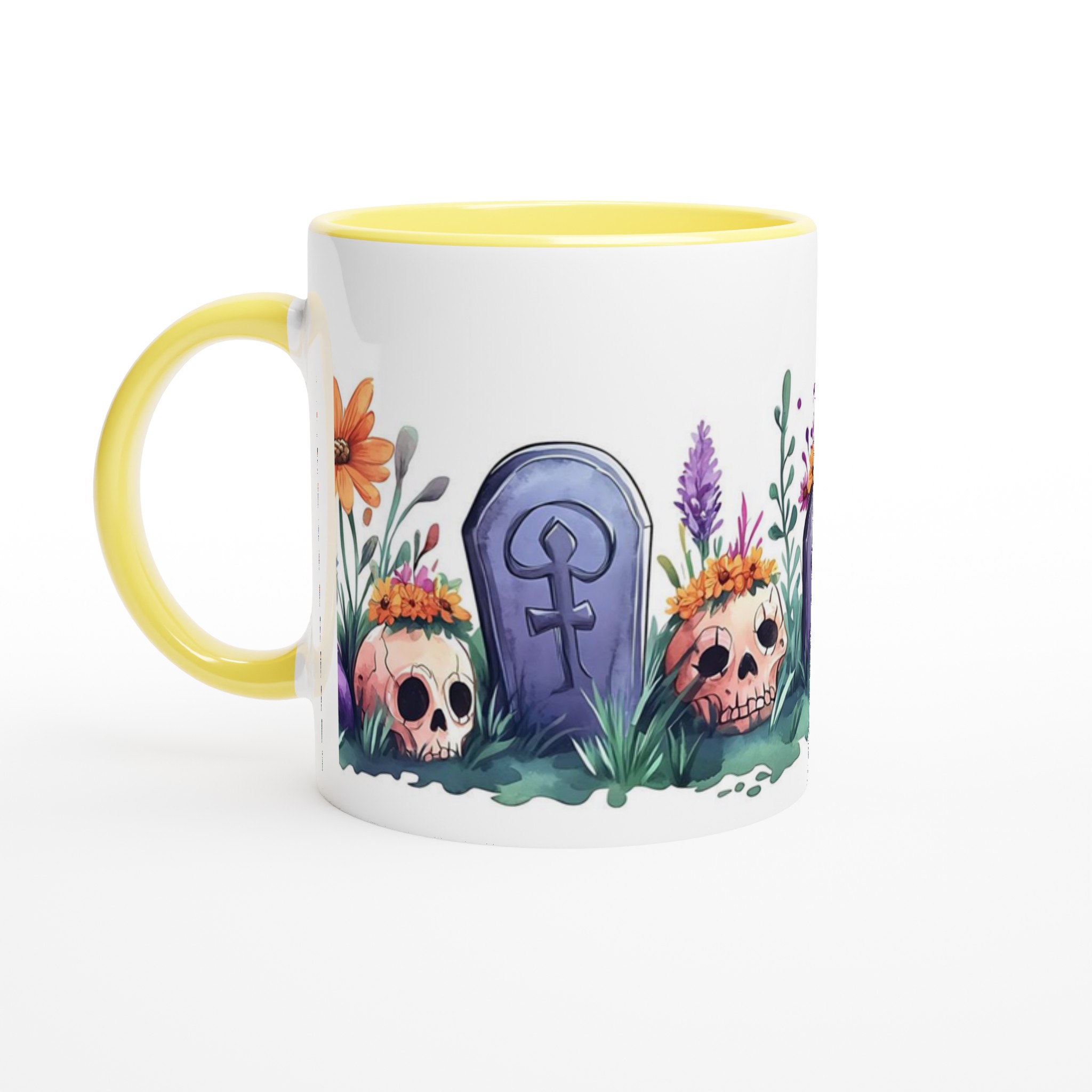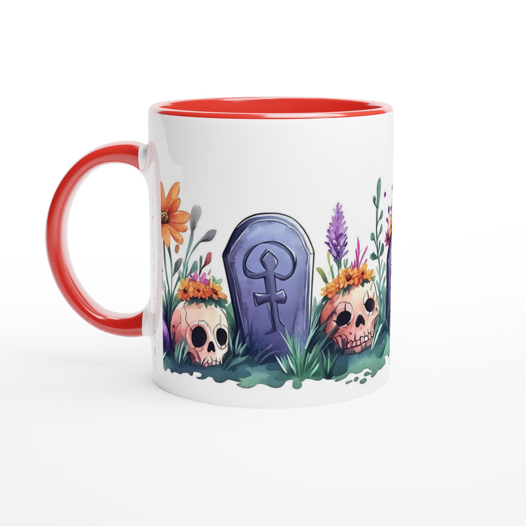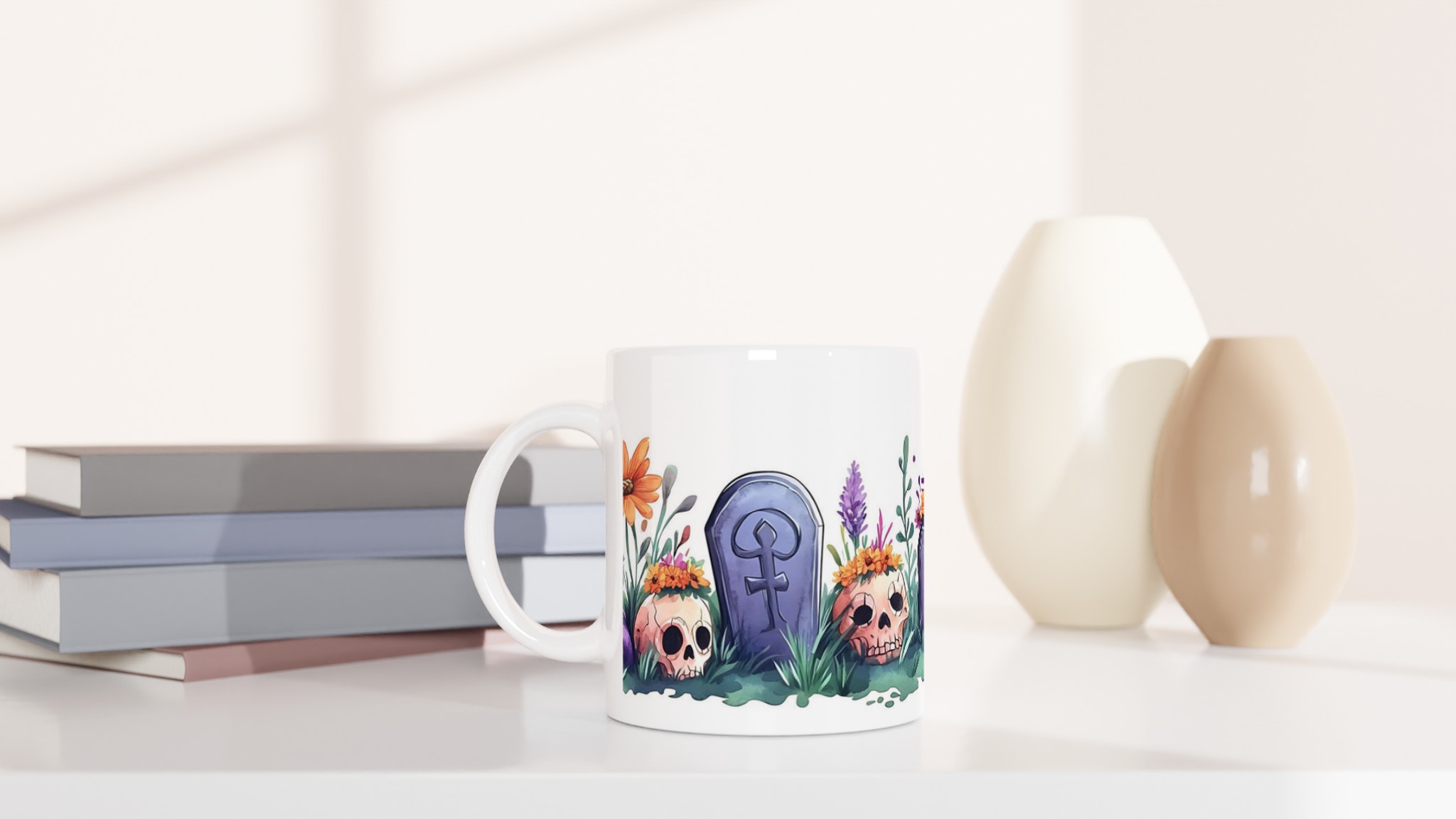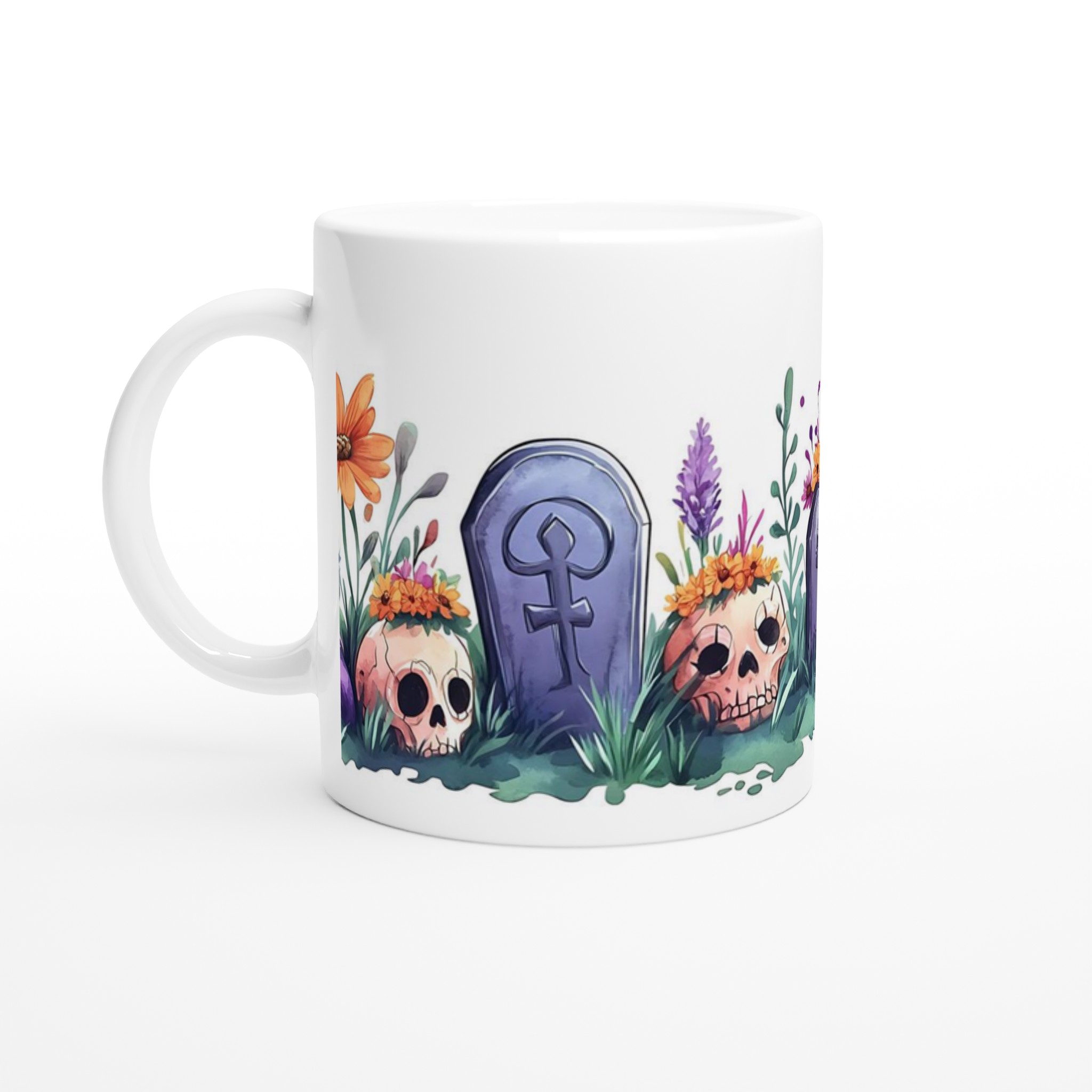 Gothic Garden Skulls & Tombstones 11oz Ceramic Mug – Choose Your Hue!
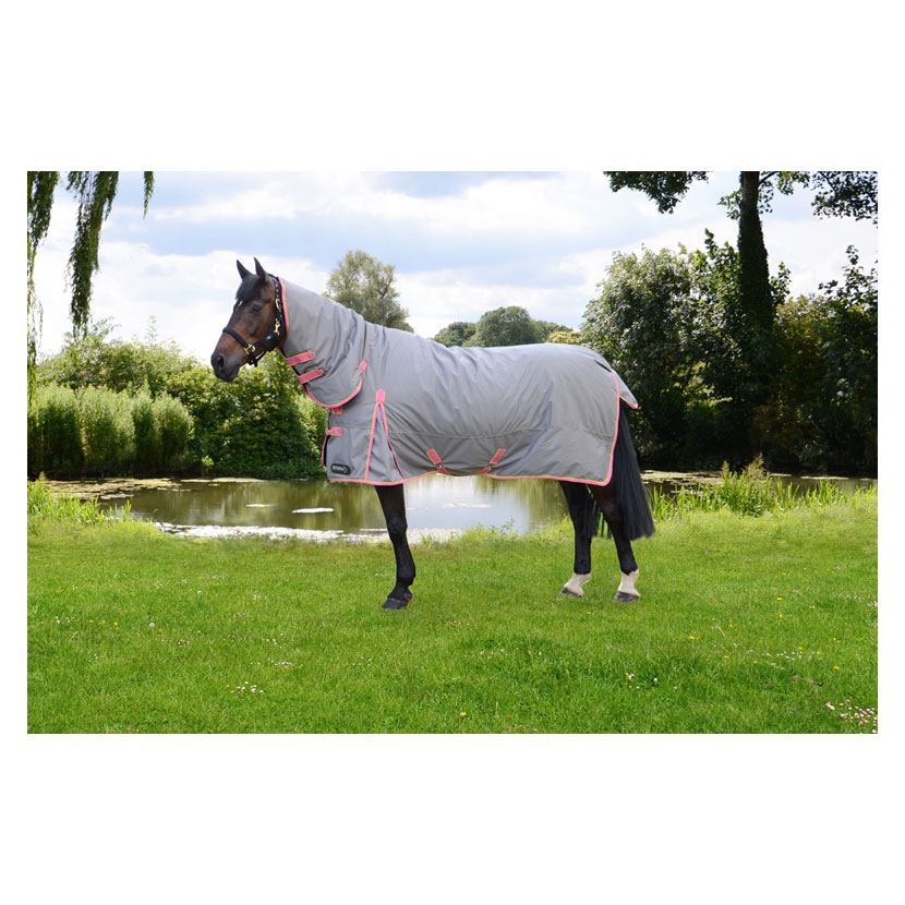 Beat the cold and wet weather with this heavyweight turnout rug. Your horse will be kept toasty and warm with the 300g fill and the 600 denier outer fabric will ensure your horse remains dry. A fixed neck cover and a large tail flap add extra protection from the elements. Touch tape fastenings on the neck and adjustable surcingle�s, leg straps and chest buckles keep the rug securely in place.
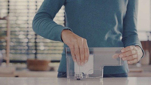 Технология ионного обмена удаляет кальций из воды еще до ее попадания в кофемашину, предотвращая образование накипи. Если вовремя менять фильтр в соответствии с рекомендациями устройства, один фильтр позволяет приготовить до 625 чашек.
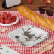 Dieser festliche Teller zeigt eine rustikale Darstellung eines Rentiers mit einem Kiefer- und Rotweinkranz auf seinen Geweihen. Der Hintergrund hat ein Vintages, strukturiertes Aussehen mit handgeschriebenem Skript, und "Frohe Weihnachten" wird in fett rotem Text angezeigt. Ideal, um Ihre Weihnachtszeit mit einer gemütlichen Touch zu bereichern.
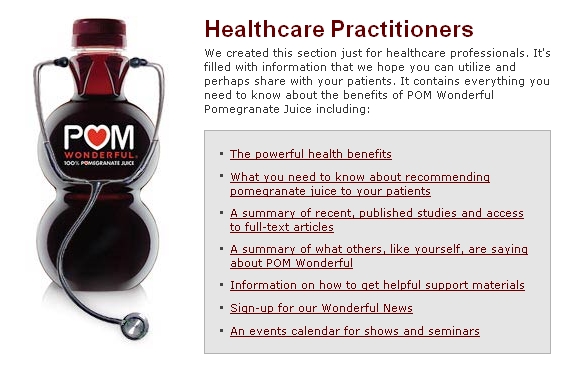We ran into the marketing folks at POM Wonderful at the AUA conference. The privately owned company has one of the most aggressive physician marketing programs in the juice industry.
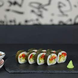(485გრ) უნაგი, ბოსტეულის მარინადი, ჰაიში ვაკამე, კიტრი, ავოკადო, ნორი, სეზამი, სიმინდის მარცვალი, ანანასი, ბრინჯი, სეზამი
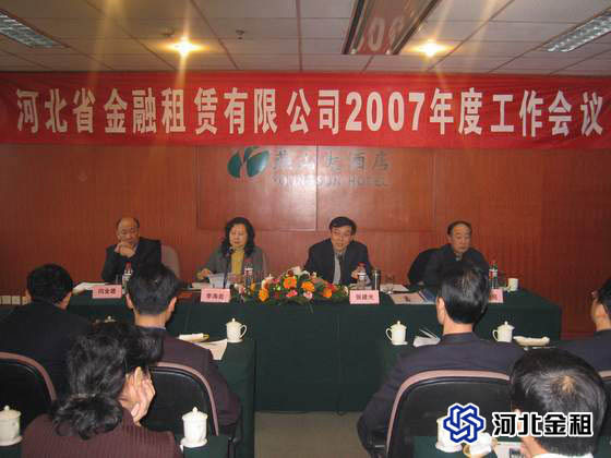 1 月 26 日 1 月 28 日 公司在平山御溫塘召開 2007 年工作研討會,會議就業(yè)務(wù)創(chuàng)新和風(fēng)險控制及考核、激勵及人才培養(yǎng)展開了激烈的討論,邀請了國內(nèi)租賃行業(yè)資深專家屈延凱及林正大進行了專題講座。取得了良好的效果。
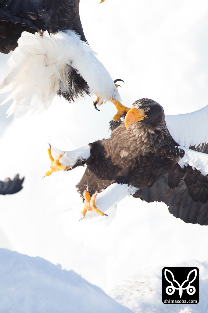 オオワシの空中戦。完全に爪を立てています。
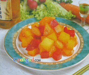 第一种:凉菜菜谱橙汁萝卜白梨块做法
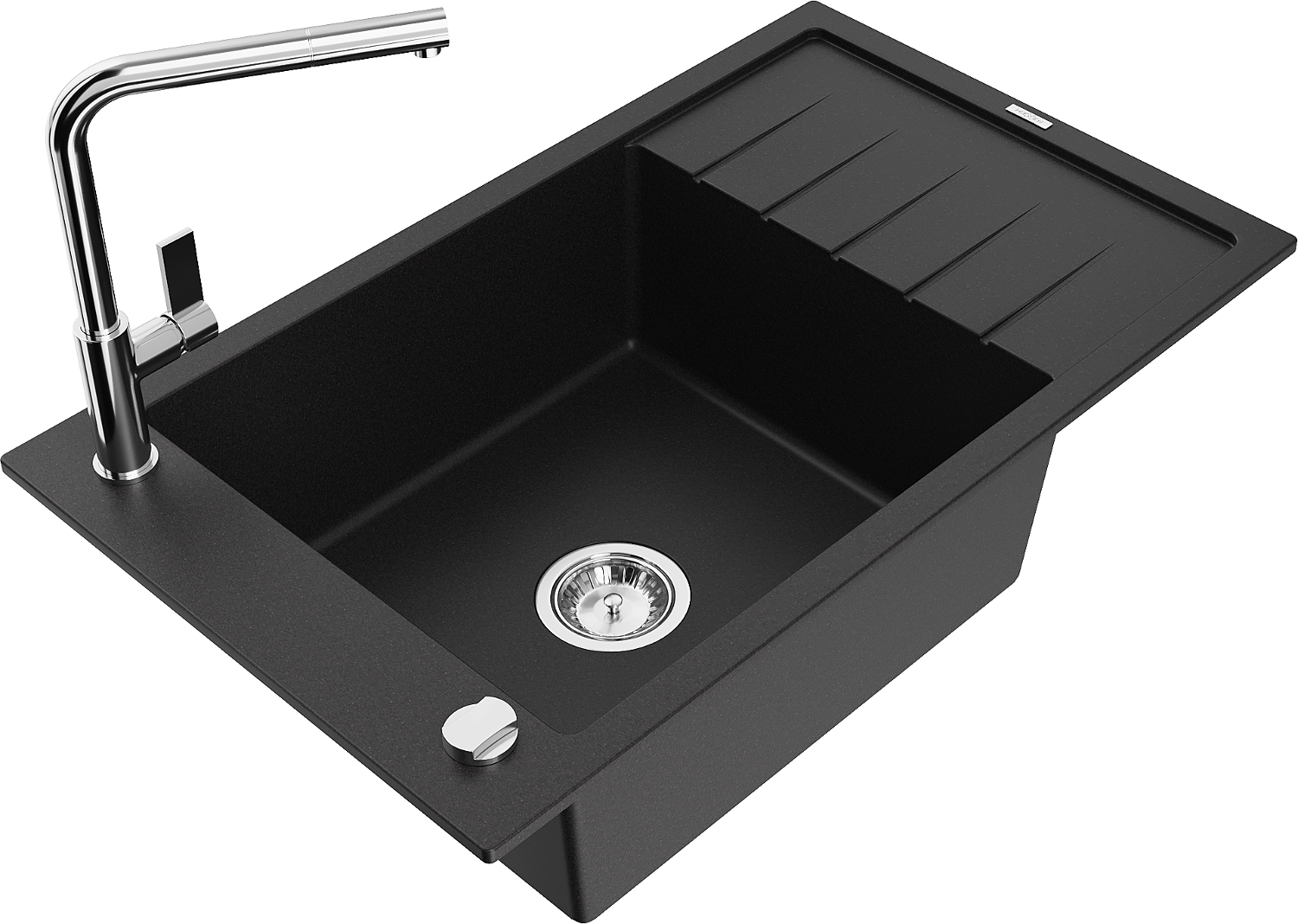 Mexen Elias žulový drez 1-komorový s odkvapkávačom a kuchynskou batériou Flora, čierny - 6511-77-670401-00
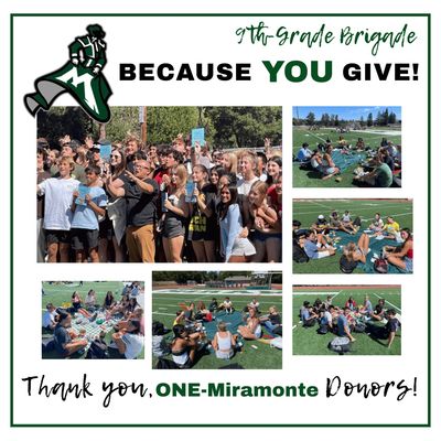 When you give to ONE-Miramonte, the funds you contribute allow our teachers and administration the flexibility to find creative ways to improve the student experience at Miramonte. Donations to ONE-Miramonte support every student, every teacher, and every class. Because you give, our newest students have the opportunity to connect more deeply with peers and with their school, both of which are positively correlated with school engagement. Thank you, ONE-Miramonte donors!
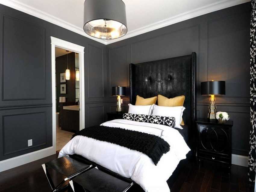 Постельное белье лучше подбирать в светлых оттенках. Это же правила касается и покрывала, и декоративных подушек. Такое решение поможет проще выделить кровать, как основной элемент спального помещения, придать ему воздушность и выразительность. При этом не обязательно идеально расправлять всю ткань и изящно раскладывать складки. Небольшой беспорядок придаст темной спальне дополнительное очарование.

== == ==

◆ What to do: Repeat only the stretch of data above that runs from the line with "Dieser festliche Teller" to the line with "1 月 26 日 1 月". Keep both end lines; exclude pictures.

◆ Answer to the exercise:
 Dieser festliche Teller zeigt eine rustikale Darstellung eines Rentiers mit einem Kiefer- und Rotweinkranz auf seinen Geweihen. Der Hintergrund hat ein Vintages, strukturiertes Aussehen mit handgeschriebenem Skript, und "Frohe Weihnachten" wird in fett rotem Text angezeigt. Ideal, um Ihre Weihnachtszeit mit einer gemütlichen Touch zu bereichern.
We ran into the marketing folks at POM Wonderful at the AUA conference. The privately owned company has one of the most aggressive physician marketing programs in the juice industry.
(485გრ) უნაგი, ბოსტეულის მარინადი, ჰაიში ვაკამე, კიტრი, ავოკადო, ნორი, სეზამი, სიმინდის მარცვალი, ანანასი, ბრინჯი, სეზამი
 1 月 26 日 1 月 28 日 公司在平山御溫塘召開 2007 年工作研討會,會議就業(yè)務(wù)創(chuàng)新和風(fēng)險控制及考核、激勵及人才培養(yǎng)展開了激烈的討論,邀請了國內(nèi)租賃行業(yè)資深專家屈延凱及林正大進行了專題講座。取得了良好的效果。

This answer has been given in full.